Re: [Linaro-mm-sig] [RFC 0/2] ARM: DMA-mapping & IOMMU integration

"Michael K. Edwards" <m.k.edwards@xxxxxxxxx> · Mon, 13 Jun 2011 10:55:59 -0700

The need to allocate pages for "write combining" access goes deeper
than anything to do with DMA or IOMMUs.  Please keep "write combine"
distinct from "coherent" in the allocation/mapping APIs.

Write-combining is a special case because it's an end-to-end
requirement, usually architecturally invisible, and getting it to
happen requires a very specific combination of mappings and code.
There's a good explanation here of the requirements on some Intel
implementations of the x86 architecture:
http://software.intel.com/en-us/articles/copying-accelerated-video-decode-frame-buffers/
.  As I understand it, similar considerations apply on at least some
ARMv7 implementations, with NEON multi-register load/store operations
taking the place of MOVNTDQ.  (See
http://www.arm.com/files/pdf/A8_Paper.pdf for instance; although I
don't think there's enough detail about the conditions under which "if
the full cache line is written, the Level-2 line is simply marked
dirty and no external memory requests are required.")

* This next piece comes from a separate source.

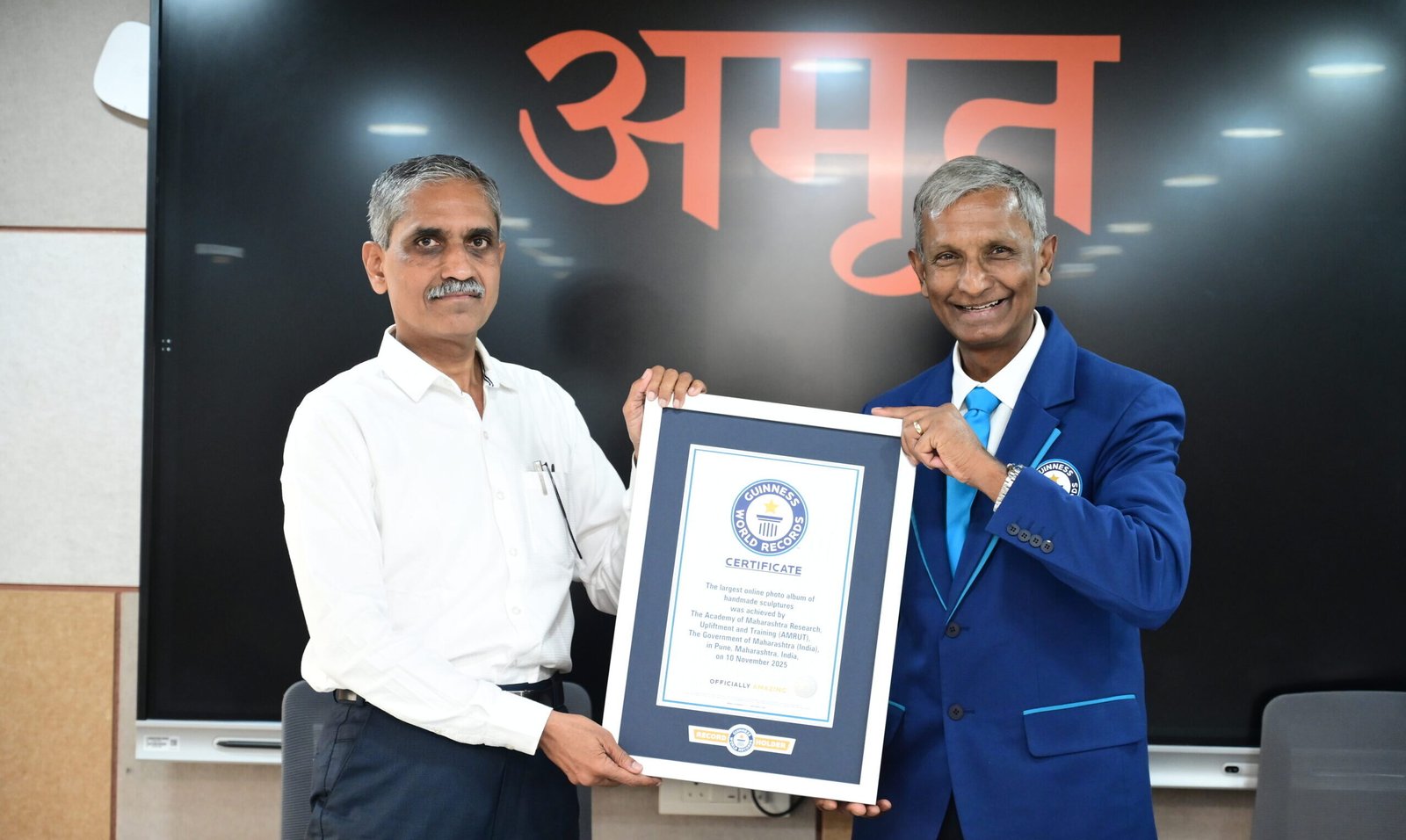 शिवप्रताप दिनाचे औचित्य साधून दिनांक १० नोव्हेंबर २०२५ रोजी अमृतच्या पुणे येथील मुख्यालयात विश्वविक्रमाचे अधिकृत प्रमाणपत्र प्रदान करण्यात आले. गिनीज वर्ल्ड रेकॉर्डचे प्रतिनिधी प्रवीण पटेल यांच्या हस्ते अमृतचे व्यवस्थापकीय संचालक विजय जोशी यांनी हे प्रमाणपत्र स्वीकारले.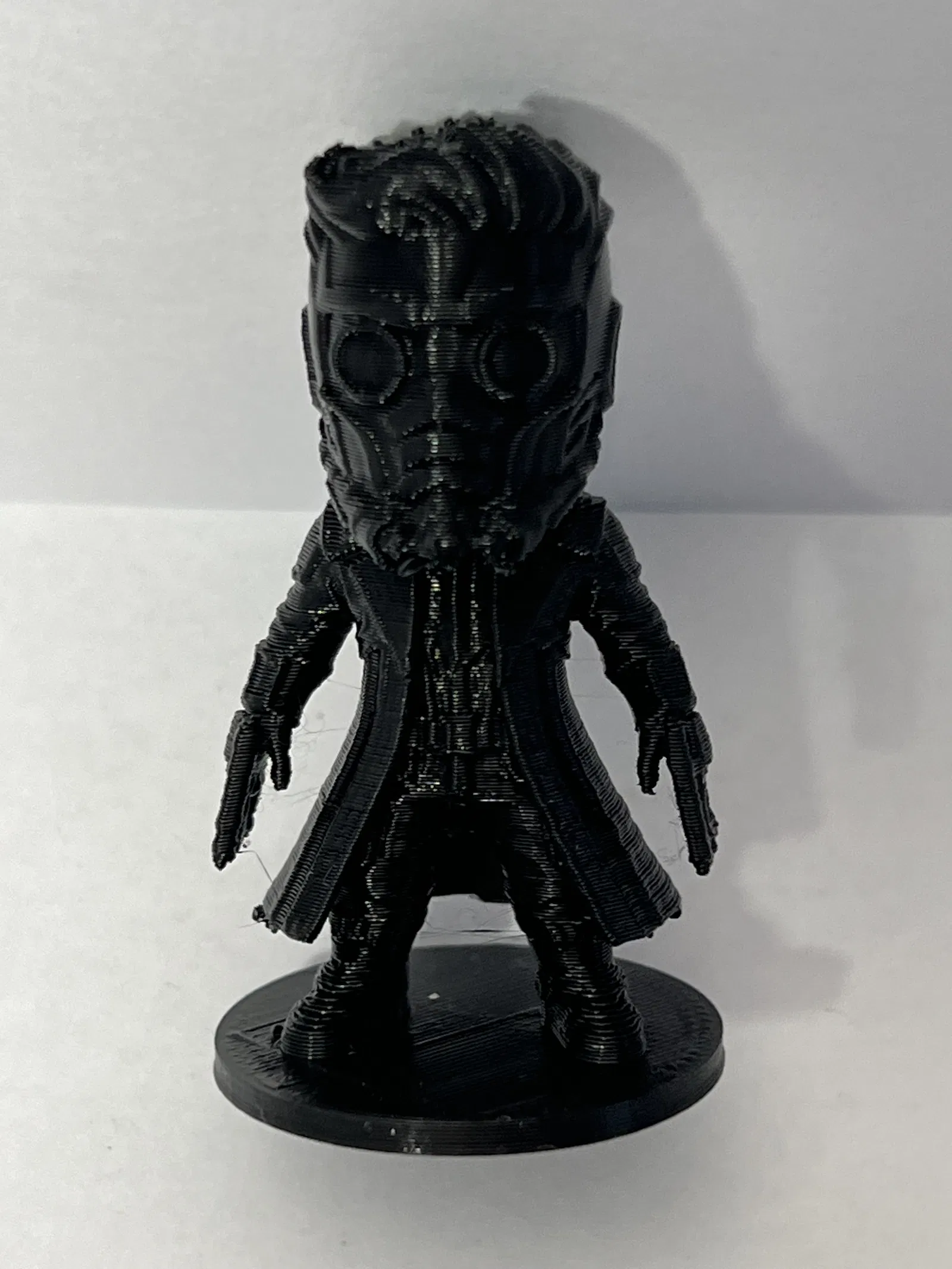 Mẫu tượng 3D Chibi Star Lord (Guardians Of The Galaxy) được AI tạo. Tác giả in trên máy in hơi cũ, ưu tiên cân bằng chất lượng/thời gian; thường in kích thước nhỏ nên ảnh macro có thể lộ lỗi. Hình chỉ minh họa.

As far as I can tell, there is not yet any way to get real
cache-bypassing write-combining from userland in a mainline kernel,
for x86/x86_64 or ARM.  I have been able to do it from inside a driver
on x86, including in an ISR with some fixes to the kernel's FPU
context save/restore code (patch attached, if you're curious);
otherwise I haven't yet seen write-combining in operation on Linux.
The code that needs to bypass the cache is part of a SoC silicon
erratum workaround supplied by Intel.  It didn't work as delivered --
it oopsed the kernel -- but is now shipping inside our product, and no
problems have been reported from QA or the field.  So I'm fairly sure
that the changes I made are effective.

I am not expert in this area; I was just forced to learn something
about it in order to make a product work.  My assertion that "there's
no way to do it yet" is almost certainly wrong.  I am hoping and
expecting to be immediately contradicted, with a working code example
and benchmarks that show that cache lines are not being fetched,
clobbered, and stored again, with the latencies hidden inside the
cache architecture.  :-)  (Seriously: there are four bits in the
Cortex-A8's "L2 Cache Auxiliary Control Register" that control various
aspects of this mechanism, and if you don't have a fairly good
explanation of which bits do and don't affect your benchmark, then I
contend that the job isn't done.  I don't begin to understand the
equivalent for the multi-core A9 I'm targeting next.)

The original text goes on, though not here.